Wildly conflicting death tolls from Haitian officials have raised suspicions that no one really knows how many people died in the Jan. 12 earthquake. The only thing that seems certain is the death toll is one of the highest in a modern disaster.
A day after Communications Minister Marie-Laurence Jocelyn Lassegue raised the official death toll to 230,000, her office put out a statement on Wednesday quoting President Rene Preval as saying 270,000 bodies had been hastily buried by the government following the earthquake.
A press officer withdrew the statement, saying there was an error, but then reissued it within minutes. Later on Wednesday, the ministry said there was a typo in the figure - the number should have read 170,000.
Even that didn't clear things up. In the late afternoon, Preval and Lassegue appeared together at the government's temporary headquarters.
Preval, speaking English, told journalists there were 170,000 dead, apparently referring to the number of bodies contained in mass graves.
Lassegue interrupted him in French, giving a number lower than she had given the previous day: "No, no, the official number is 210,000."
Preval dismissed her. "Oh, she doesn't know what she's talking about," he said, again in English.
A death toll of 230,000 would equal the number of people killed in the tsunami that devastated a dozen countries around the
Indian Ocean following a magnitude-9.2 earthquake on Dec. 26, 2004.

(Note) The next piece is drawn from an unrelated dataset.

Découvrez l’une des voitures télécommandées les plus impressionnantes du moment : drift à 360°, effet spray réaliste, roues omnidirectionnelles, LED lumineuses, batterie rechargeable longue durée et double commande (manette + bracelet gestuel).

A third of Haiti's 9 million people were crowded into the chaotic capital when the quake struck a few minutes before 5 p.m. Many were preparing to leave their offices or schools. About 250,000 houses and 30,000 commercial buildings collapsed, according to government estimates, many crushing people inside.
For days, people piled bodies by the side of the road or left them half-buried under the rubble. Countless more remain under collapsed buildings, identified only by a pungent odor. No foreign government or independent agency has issued its own death estimate.

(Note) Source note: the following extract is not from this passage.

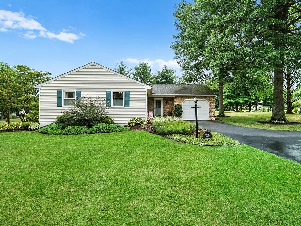 *** All offers are requested by Wednesday, August 14th at 6pm. *** Welcome to this meticulously maintained ranch home on almost ½ acre in Hilltown Township. The beautiful kitchen was designed and installed by Doremus Kitchens and has loads of storage, stainless steel appliances, quartz counter tops and tile backsplash. Hardwood floors throughout the entry way, kitchen , dining room and bright and sunny sunroom. The sunroom has two sets of sliding doors, skylights and a beautiful bay window, a perfect spot for morning coffee or evening refreshments. The living room has a beautiful brick fireplace for cozy wood fires in the cooler months. There are 2 bedrooms and 2 full baths, Master bath was remodeled in 2014 and the hall bath and laundry closet was also added in 2014. On the lower level there is lots of storage as well as a nice man cave! Bar is included! Off the sunroom, step out onto your backyard oasis. Lots of beautiful and well loved gardens and flower beds. Attached one car garage with Epoxy floor. So many upgrades and beautiful touches to this home, you don't want to miss it!

Many agencies that usually can help figure casualty numbers say they are too busy helping the living to keep track of the dead. The Joint Task Force in charge of the relief effort - foreign governments and militaries, U.N. agencies and Haitian government officials - quotes only the government death figures.

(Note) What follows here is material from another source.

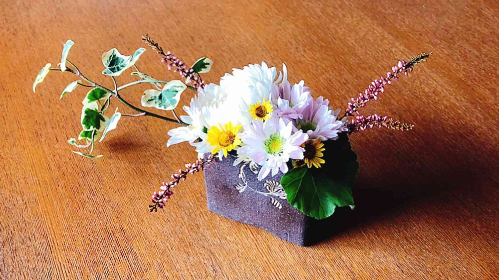 超長持ちな菊のリサイクル♻️花なんですね。たしかに菊やカーネーション、アルストロメリアは長持ちする花材の中でも優れものですね。カルーナがいいアクセントになっています。ただ自然な感じに見せるならかルーナが一ヶ所から広がっているように生けるとさらに良くなると思います

That number has climbed from a precise 111,481 on Jan. 23, to 150,000 on Jan. 24, to 212,000 on Saturday, to 230,000 on Tuesday. Preval's count of 170,000 bodies buried in mass graves may represent only a piece of the toll _ but nobody at his office was available to clarify.
It's common in major disasters to see large discrepancies in death tolls: Governments may use lower figures to save face, or higher figures to attract foreign aid. In Haiti's case, however, the very institutions responsible for compiling information were themselves devastated, so reaching a death toll is particularly difficult.
Even some officials express skepticism the government is keeping count.
"I personally think that a lot of information being given to the public by the government is estimates," Haiti's chief epidemiologist Dr. Roc Magloire said.
Many citizens are even more cynical, accusing the government of inflating the numbers to attract foreign aid and to take the spotlight off its own lackluster response to the disaster.
"Nobody knows how they came up with the death count. There's no list of names. No list of who may still be trapped. No pictures of people they buried," 45-year-old shop owner Jacques Desal said.
"No one is telling us anything. They just want the aid."
A few days after the quake, the state-run public works department, known as the CNE, began picking up bodies from the streets and dropping them in trenches dug by earth movers in Titanyen, just north of the capital. The trenches are 6 meters (20 feet) deep and filled 6 meters (20 feet) high.
Preval said that the government has counted 170,000 bodies during those efforts, and that the number does not include people buried in private ceremonies. But at Titanyen on Wednesday, worker Estelhomme Saint Val said nobody had counted the bodies.
"The trucks were just dropping people wherever, and then we would move in and cover them up," he said. "We buried people all along the roads and roadsides. It was impossible to do a count." Although the government death toll jumped by the thousands from Saturday to Tuesday, Saint Val said at noon Wednesday that only one truck had arrived this week, and it carried two bodies. He said workers received 15 truckloads of bodies a day just after the quake, but the numbers dropped off about 10 days ago.
Lassegue, in announcing the Tuesday death toll, refused to say how it was calculated.
"For the moment we count 230,000 deaths, but these figures are not definitive," she said. "It's a partial figure." U.N. humanitarian spokeswoman Elisabeth Byrs in Geneva, who has often cited Haitian government figures, said Wednesday that she said she doesn't know how Haiti is calculating the death toll: "We cannot confirm these figures."